New NHS Genomics Strategy to Speed Up Treatment for Thousands of Babies
The new NHS Genomics Strategy has been launched by Amanda Pritchard, building on a previous paper from BEIS, and setting out how genomics will become increasingly used within the NHS.
This five year plan will include better and faster diagnosis and treatment, including to help rapidly diagnose severely ill children and babies to help save thousands of lives, using whole genome sequencing tests from a blood test.
The NHS Chief Executive revealed this while speaking at England's first-ever NHS genomics healthcare summit. This was all part of the NHS Genomics Medicine Service, which had first been announced in 2018.
10 years on from the 100,000 Genomes Project, which David Cameron set up through Genomics England, and the application of genomics to provide better diagnosis and treatments is becoming a reality. This follows a paper from the Department of Business, Enterprise and Innovation (BEIS) in 2020.

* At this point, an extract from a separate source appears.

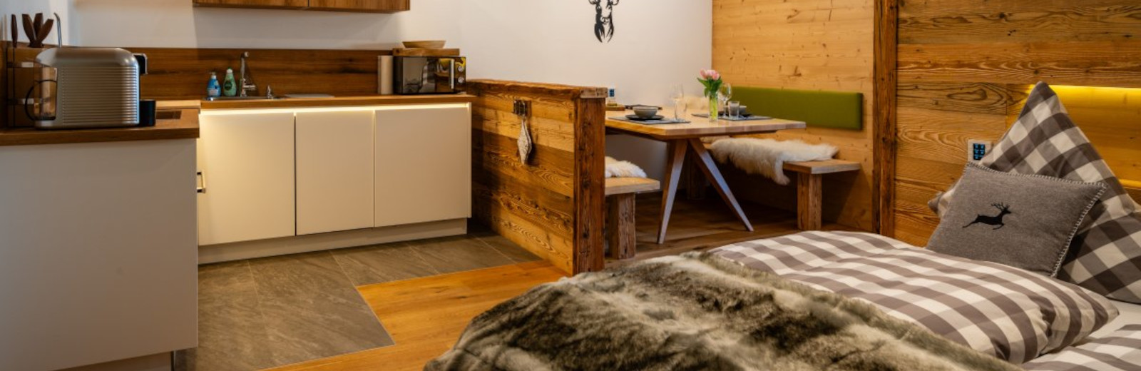 Ferienwohnung ca. 37m² für 1 bis 2 Personen (evtl. 3. Person auf Schlafsofa) oder für 4-6 Personen - kombinierbar mit der Wohnung Enzian über Verbindungstüre.
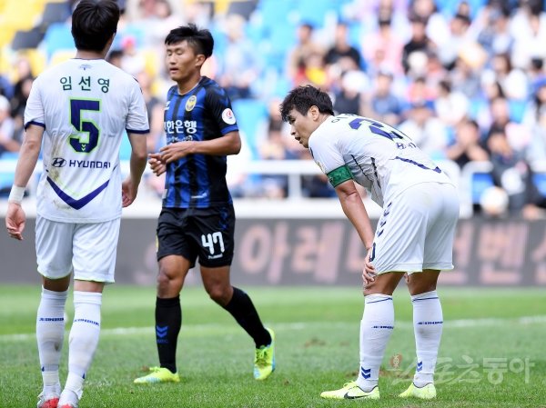 6일 인천 축구전용경기장에서 열린 ‘하나원큐 K리그1 2019’ 인천 유나이티드와 전북 현대의 경기에서 전북 이동국이 헤딩슛이 골대를 맞고 나오자 아쉬워하고 있다.

As part of the roll-out of the NHS Genomic Medicine Service, more than 1,000 children and babies in intensive care every year will benefit. Previously, these patients would have had to endure vigorous testing and severely delayed results. This revolutionary service aims to reduce this issue by providing quick, efficient and accurate testing to these young patients.
At the summit, Amanda Pritchard announced NHS England's new strategy to accelerate genomics in the NHS. The NHS has set four main priorities within its strategy:
Embedding Genomics in the NHS, Through a World-Leading, Innovative Service Model
The NHS plans to embed the genomics service within the NHS so that they can evolve together. The co-creation of services and infrastructure, and development of the workforce, will help ensure the Service does not stand still. The NHS will focus on:
- Co-creating services, infrastructure and an operating model with patients and the public.
- Developing a sustainable infrastructure across testing, clinical services and research and innovation.
- Building greater clinical and professional leadership and developing the capacity and capability of the workforce.
- Developing national and international collaborations and partnerships.
Delivering Equitable Genomic Testing for Improved Prediction, Prevention, Diagnosis and Precision Medicine
Genomics can help patients, who are at a high risk of developing certain serious conditions, such as cancer, because of family history, to obtain early and precise diagnosis and access the correct treatment, medicine and support. This should help reduce the risk of the condition having more serious health impacts in the future. It can also help in situations of rare diseases where diagnosis is often delayed and symptoms remain harder to detect. NHS England plans to systematically introduce genomic testing and drive the use of precision treatment. The NHS will:
- systematically introduce new clinical indications for genomic testing and embedding comprehensive genomic testing within end-to-end clinical pathways
- drive the use of precision treatments and optimising the use of medicines through genomics
- enable the rapid evaluation and adoption of affordable, efficient, and innovative genomic technologies
Enabling Genomics to Be at the Forefront of the Data and Digital Revolution
The NHS understands the importance of using the data obtained through the Genomics Medicine Service efficiently and effectively. In order for genomics medicine to accurately diagnose and predict future potential health complications, the data that is collected must be used to improve diagnosis and access to precision medicine, and improve patient care overall. The NHS will support this by:
- developing an interoperable informatic and data infrastructure that enables the NHS to use and share genomic data appropriately to improve patient care
- putting the NHS at the forefront of using genomic data alongside other health data to drive health improvements for individuals and populations
- enabling the NHS to use cutting-edge analytical tools and up to date variant databases to maximise diagnosis, access to precision medicine and efficiency
Evolving the Service Through Cutting-Edge Science, Research and Innovation
The NHS has identified that genomic research has the ability to advance scientific progress in diagnostic discovery, translational research and the development of new precision treatments. The NHS will support patients within the service to make informed choices regarding the health data collected, and empower those tested to take preventative action following risk-based predictions. The NHS will provide support by:
- enabling patients to make informed choices regarding the use of their data for research and innovation
- enriching existing and developing new NHS GMS relationships to support innovation and the generation of evidence for adoption and improvements in health and care
- ensuring ongoing alignment with clinical trials and national life sciences projects and supporting the growth of life sciences in the UK
What Does this Mean for the Pharmaceuticals and Life Sciences Industry?
Despite the last two challenging years of COVID-19, the UK remains ahead of the game on genomics. The new NHS Genomics Strategy and the rollout of the Genomics Medicine Service builds on previous Government plans to take a lead in this area. This provides real potential for genomics to offer greater understanding into how our genetic makeup impacts our health. The data obtained through the innovative genomics testing will enable patients to be treated quicker and better, and for those at risk of developing life-threatening and serious conditions and diseases there is hope to try and prevent their health from deteriorating in the future. 'Prevention over cure' remains at the forefront of the NHS strategy and VWV is excited to see how the UK's unique health system continues to develop and evolve and provide an environment to not only treat people better but also provide more data for research.